В России будет конституционная монархия или не будет никакой.
У нас сейчас странно относятся к конституции: одни, как к волшебной палочке и панацее от всех болезней, другие, прямо-таки как к контракту с самим Сатаной.
Конституция — это бумажка. Ее можно написать, принять и забыть. В нее можно вносить поправки вплоть до полного отрицания окончательным текстом первоначального. Ее можно просто игнорировать. В нее можно вписать все, что угодно. Хоть королевские письма. Вы хотите оставить за собой право наказывать любого подданного по своему усмотрению без суда? Так впишите его в конституцию. Радикальные либералы, конечно, будут недовольны, а остальные съедят.

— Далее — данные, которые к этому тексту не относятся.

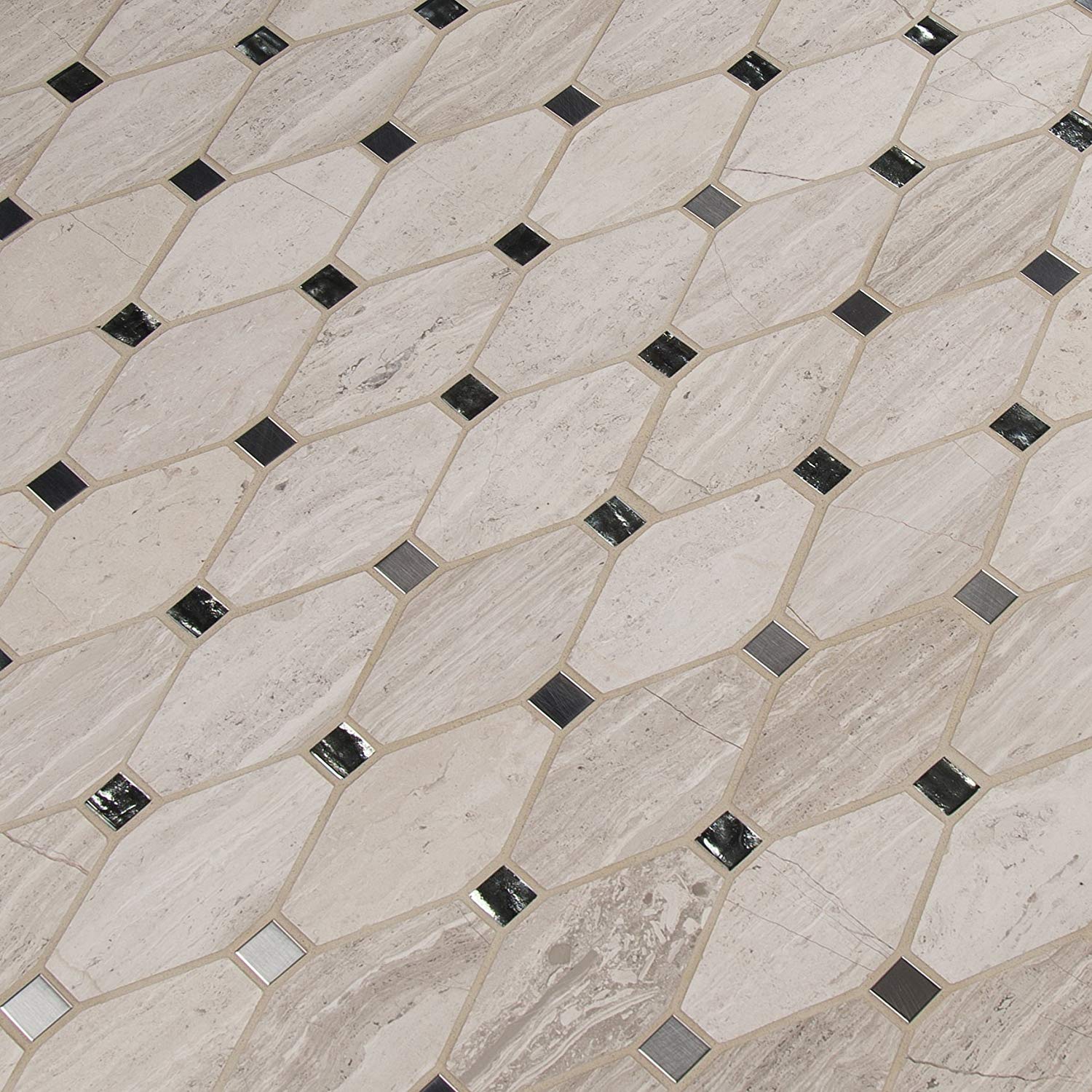 MS International Bayview Elongated Octagon Glass Stone Metal Mosaic Tile - Tenedos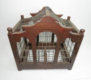 Vintage Primitive Wood and Wire Hand Made Bird Cage Dome Roof

Главное, чтобы каждый мелкий столоначальник этого не мог.
Важна не столько конституция, сколько гражданские свободы и народное представительство.
Первые не так опасны, как кажется. В свободном обществе все говорят, что хотят, но никто никого не слушает. Лучший способ помочь распространению информации — это запретить ее.
А народное представительство — это обратная связь и возможность разделить ответственность за непопулярные решения. Это понял Людовик 16-й, когда созвал Генеральные штаты, чтобы поднять налоги. Да, плохо кончил. Потому что нельзя разделить ответственность, не разделив прав.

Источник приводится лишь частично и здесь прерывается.